I can't agree strongly enough. Everybody should read _Capitalism: The Unknown
Ideal_. And go into it with an open mind, instead of planning to reject it
based on preconceived biases. A lot of people might be surprised at how they
feel about things at the end.

All of that said, I think Rand hurt herself in one crucial way w.r.t her
writing. And that is her somewhat nonstandard use of certain words, especially
"selfish" and "selfishness". For better or worse, her use of those words is a
bit different from the common, colloquial usage, and most people - in my
experience - don't bother to try and really dig in and parse out what she
meant.

I'm not even sure a word exists that, by itself, captures exactly what she
meant by "selfish" or "selfishness". Something like "self interest" or "inner
desire" or maybe "self reward" comes close, but those all feel kinda clumsy if
inserted into her works in place of "selfish" and its other forms.

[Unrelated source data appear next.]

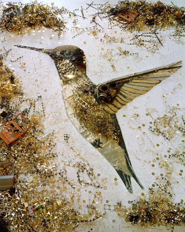 Brazlian artist Vik Muniz is no stranger to transforming trash and other discard items into beautiful works of art. We previously featured a video in which Muniz used hand-torn scraps of paper from magazines to recreate Van Gogh’s The Starry Night. In 2012, Muniz created a series of composite artworks under a series titled Scrap Metal. One of these works, presented below, shows a hummingbird created from various discarded pieces of scrap metal. You can understand the full scale of this artwork by observing the car doors that are incorporated into the photograph. I would be very curious to know how high off the ground the camera was when this photograph was taken.
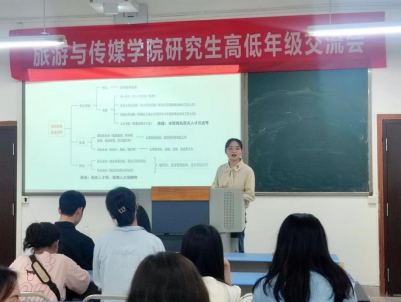 本次高低年级交流会邀请到了21级新闻与传播专业研究生闫相儒、何彩霞、吴越嘉,21级汉语国际教育专业研究生张心耀、朱华梅,20级旅游管理专业研究身邓莹共六位毕业年级的同学为22级的同学们分享就业经验。会上,六位同学分别针对就业信息筛选、考公考编准备、简历制作方法、面试流程与技巧、择业规划等多个方面的问题进行了详细讲述,22级的同学们认真聆听并积极提问交流。
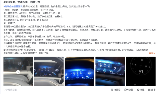 在纯燃油车型中,油耗的表现也能让很多的车主表示满意,其实不难发现哪怕是纯燃油的车型在路况较好的情况,四驱版的车型甚至也能跑出6-7L/100km。
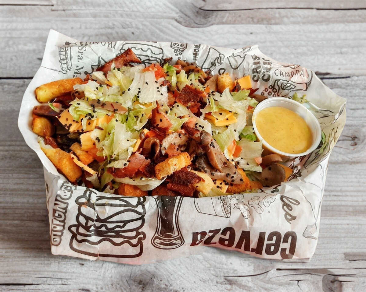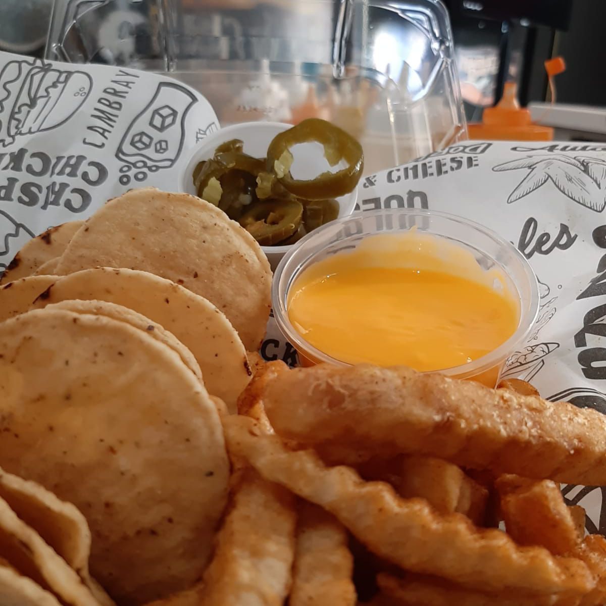250 g De papas french bañadas con queso amarillo y coronadas con rodajas de jalapeño.
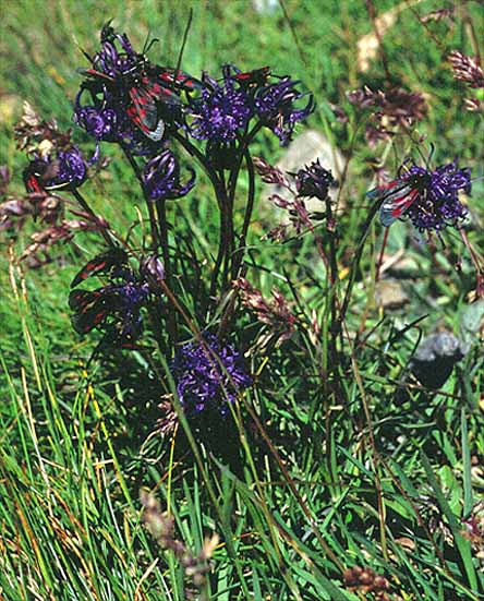 Zurück führte der Weg durch blumenreiche Wiesen mit auffällig viel Schmetterlingen.Links "überfällt" eine Gruppe Blutströpfchen (Zygaena spec.) einen Horst der Halbkugeligen Teufelskralle (Phyteuma hemisphaericum).
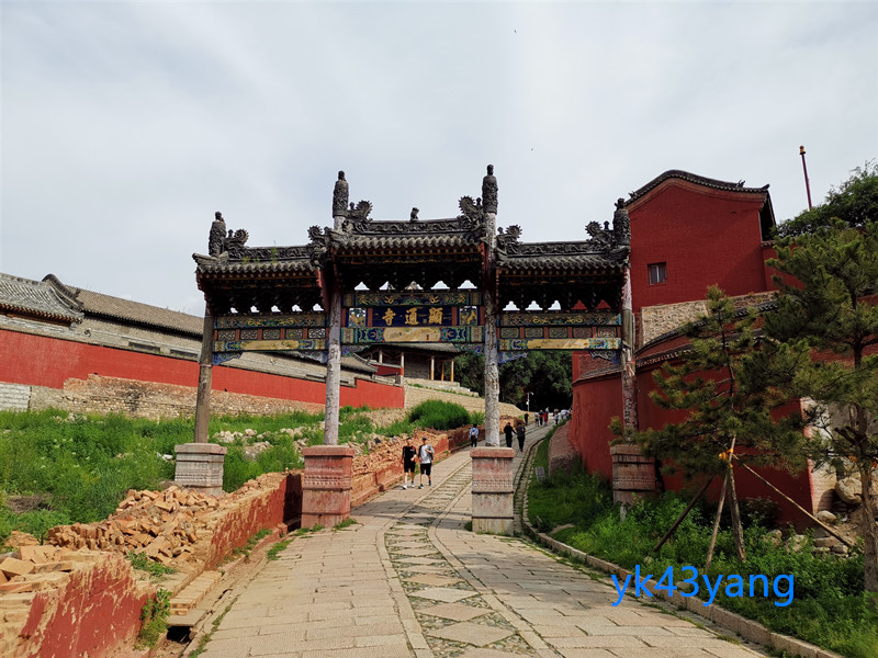 登上108级台阶,来到山门前。台上立着一座康熙53年所立的四柱三门七出檐的木牌楼。牌楼造型精致,龙凤彩绘,可称是五台山最美丽的木牌楼。牌楼额题“灵峰胜境”,是康熙皇帝的御笔。
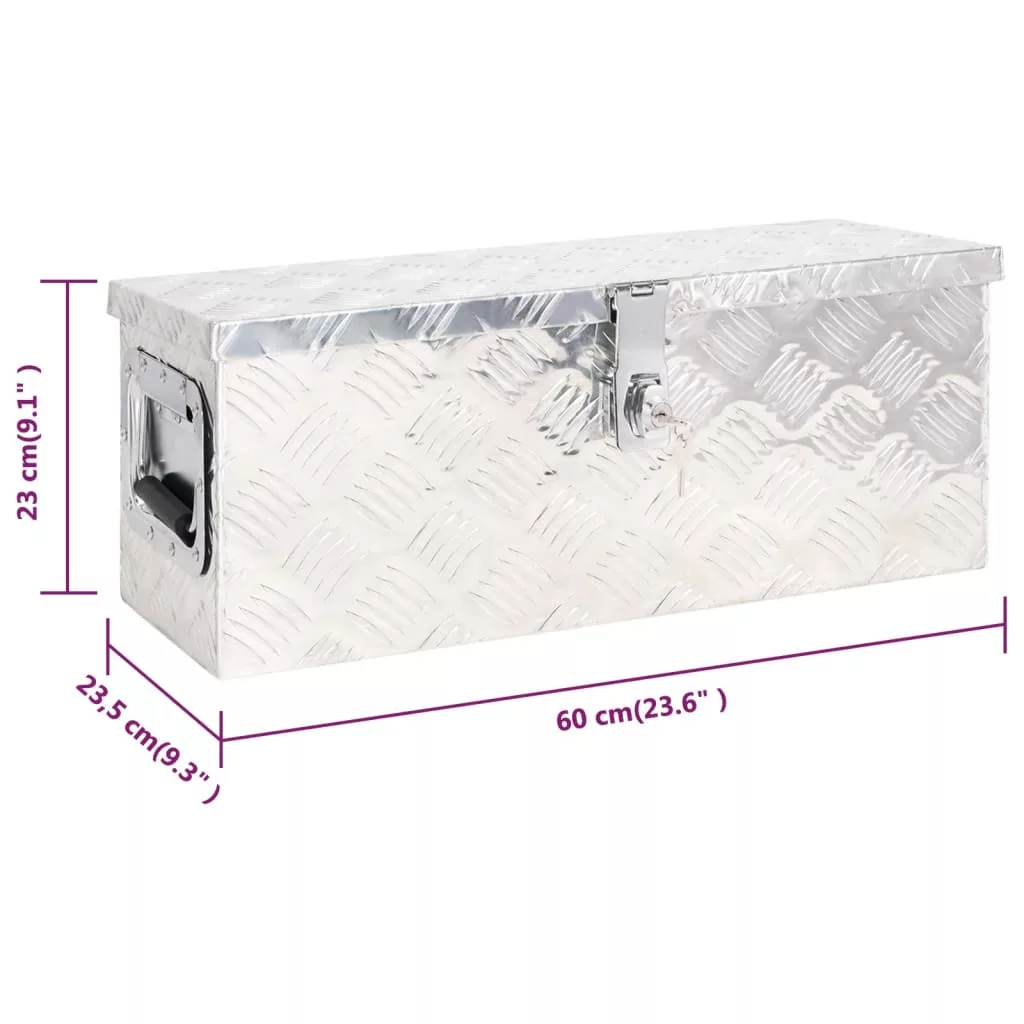 ezüstszínű alumínium tárolóláda 60 x 23,5 x 23 cm
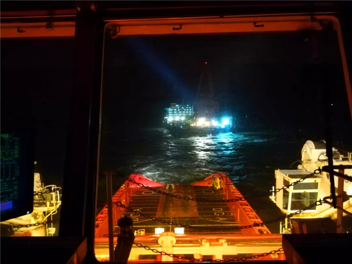 9月17日零時,“華虎”輪完成接拖全部準備工作,而后撇纜、連接小絞車鋼絲,緊接著“海洋石油202”輪錨纜上甲板、連接錨纜和拖帶鋼纜、錨纜外放110米....引纜傳遞成功、絞車鋼絲傳遞成功、拖纜連接成功、纜車長度調(diào)整到位,各項工作就緒,“華虎”輪開始向外移動!由于“海洋石油202”輪是右船艏觸礁,在當時的情況下只能橫向或者往左后牽引,近乎于橫風拖帶!橫風拖帶不僅難度非常大,只要一不留神操作不當或船舶性能失衡,“華虎”輪隨時會面臨失位風險!風小時,抓緊時機側(cè)面受風往外拉,風大時,立即調(diào)整自身船態(tài)。“華虎”輪就這樣在波濤洶涌的海浪中與“山竹”周旋著,經(jīng)過3個小時的鏖戰(zhàn),“海洋石油202”輪成功脫淺!單根鋼纜拖帶,穿越一方航道,避開航道燈標和幾條拋錨船,又經(jīng)過2個多小時,“海洋石油202”輪在“華虎”輪的牽引下安全抵達錨地拋錨!
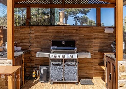 Diese schöne Villa in El Toro befindet sich in einer ruhigen Wohnlage, nur unweit vom luxuriösen Yachthafen Port Adriano und vom schönen Sandstrand der Playa El Toro entfernt, und bietet die perfekte Balance zwischen mediterranem Charme und Komfort. Die sonnige Immobilie mit einer Wohnfläche von ca. 287 m2 verfügt über 5 Schlafzimmer, 6 Badezimmer und wurde mit hochwertigen Materialien gestaltet und mit allen modernen Annehmlichkeiten ausgestattet. Die Villa verfügt über eine geräumige, voll ausgestattete Hauptküche und eine Sommerküche mit Grillbereich, ideal für Zusammenkünfte und Mahlzeiten im Freien. Der grosszügige Aussenbereich überzeugt mit einem Pool und mit ca. 150 m2 Terrassenflächen. Hier kann man die mediterrane Atmosphäre in vollen Zügen geniessen.

 _Perhaps if more people read Rand (especially her nonfiction), we might not
be in this predicament._

Agreed. Sadly, even among people who have read Rand, too many just read _Atlas
Shrugged_ and formed their opinions there. And while I enjoyed AS and think it
has a lot of virtue, it's not a great novel in many ways, and as a non-native
English speaker, her writing in AS can feel a bit wooden and stilted at times.
I think _The Fountainhead_ is a bit better in this regard, in addition to
being shorter, and generally recommend it as a better intro to Rand's fiction,
for people who want to go down that path.